Induction anaesthesia with 2 mg/kg of ketamine causes the well-known increases in heart rate and blood pressure. Simultaneous registration of the systolic-time-intervals (PEPI, LVETTI, PEP/LVET = Q), however, reveals a biphasic effect of ketamine on these contractility-parameters: an initial increase of PEPI and Q, representing a cardiac depressive effect of ketamine, is followed by a decrease of PEPI and Q, indicating a positive inotropic action of ketamine. Injecting the same dose of ketamine during the steady-state of a halothane-N2O:O2-anaesthesia, that causes a depression of the central and peripheral sympathetic activity, however, results in an increase of PEPI and Q, only. Thus, ketamine is a cardiac depressive agent, this effect, however, usually being overlapped by a centrally-induced cardiac stimulation.
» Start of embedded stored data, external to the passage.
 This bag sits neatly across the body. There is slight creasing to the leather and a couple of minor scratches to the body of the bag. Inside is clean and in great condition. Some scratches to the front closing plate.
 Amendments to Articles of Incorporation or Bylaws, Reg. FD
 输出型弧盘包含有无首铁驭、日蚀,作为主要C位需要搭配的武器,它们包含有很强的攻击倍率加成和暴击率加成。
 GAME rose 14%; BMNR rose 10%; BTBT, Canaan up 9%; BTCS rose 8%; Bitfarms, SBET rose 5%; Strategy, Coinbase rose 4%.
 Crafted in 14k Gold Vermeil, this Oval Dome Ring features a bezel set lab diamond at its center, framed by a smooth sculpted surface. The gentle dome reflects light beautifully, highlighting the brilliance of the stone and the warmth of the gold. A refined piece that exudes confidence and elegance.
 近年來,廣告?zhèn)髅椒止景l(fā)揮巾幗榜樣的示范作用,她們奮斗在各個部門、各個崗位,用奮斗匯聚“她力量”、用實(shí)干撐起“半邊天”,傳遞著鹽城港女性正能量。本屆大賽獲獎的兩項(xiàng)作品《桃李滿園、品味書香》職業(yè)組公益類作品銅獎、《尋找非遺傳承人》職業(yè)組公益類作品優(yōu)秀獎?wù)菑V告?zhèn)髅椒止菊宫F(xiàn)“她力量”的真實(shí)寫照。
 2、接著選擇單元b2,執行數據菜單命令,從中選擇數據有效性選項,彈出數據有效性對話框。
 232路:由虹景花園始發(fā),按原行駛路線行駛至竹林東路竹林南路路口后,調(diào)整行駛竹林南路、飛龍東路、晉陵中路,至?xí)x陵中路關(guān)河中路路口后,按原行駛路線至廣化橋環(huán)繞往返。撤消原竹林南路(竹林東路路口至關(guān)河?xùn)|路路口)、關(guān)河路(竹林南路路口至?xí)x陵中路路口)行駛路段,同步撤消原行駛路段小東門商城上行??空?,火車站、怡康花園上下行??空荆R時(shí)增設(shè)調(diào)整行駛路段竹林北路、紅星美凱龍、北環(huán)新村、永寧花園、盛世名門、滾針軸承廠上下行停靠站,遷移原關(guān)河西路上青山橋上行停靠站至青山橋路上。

2毫克/千克的氯胺酮诱导麻醉会导致心率和血压出现众所周知的升高。然而,同时记录收缩期时间间隔(PEPI、LVETTI、PEP/LVET = Q)显示氯胺酮对这些收缩性参数有双相作用:PEPI和Q最初升高,代表氯胺酮的心脏抑制作用,随后PEPI和Q降低,表明氯胺酮有正性肌力作用。然而,在氟烷-N₂O:O₂麻醉的稳态期间注射相同剂量的氯胺酮,这会导致中枢和外周交感神经活动受到抑制,结果仅导致PEPI和Q升高。因此,氯胺酮是一种心脏抑制药物,不过这种作用通常会被中枢诱导的心脏刺激所掩盖。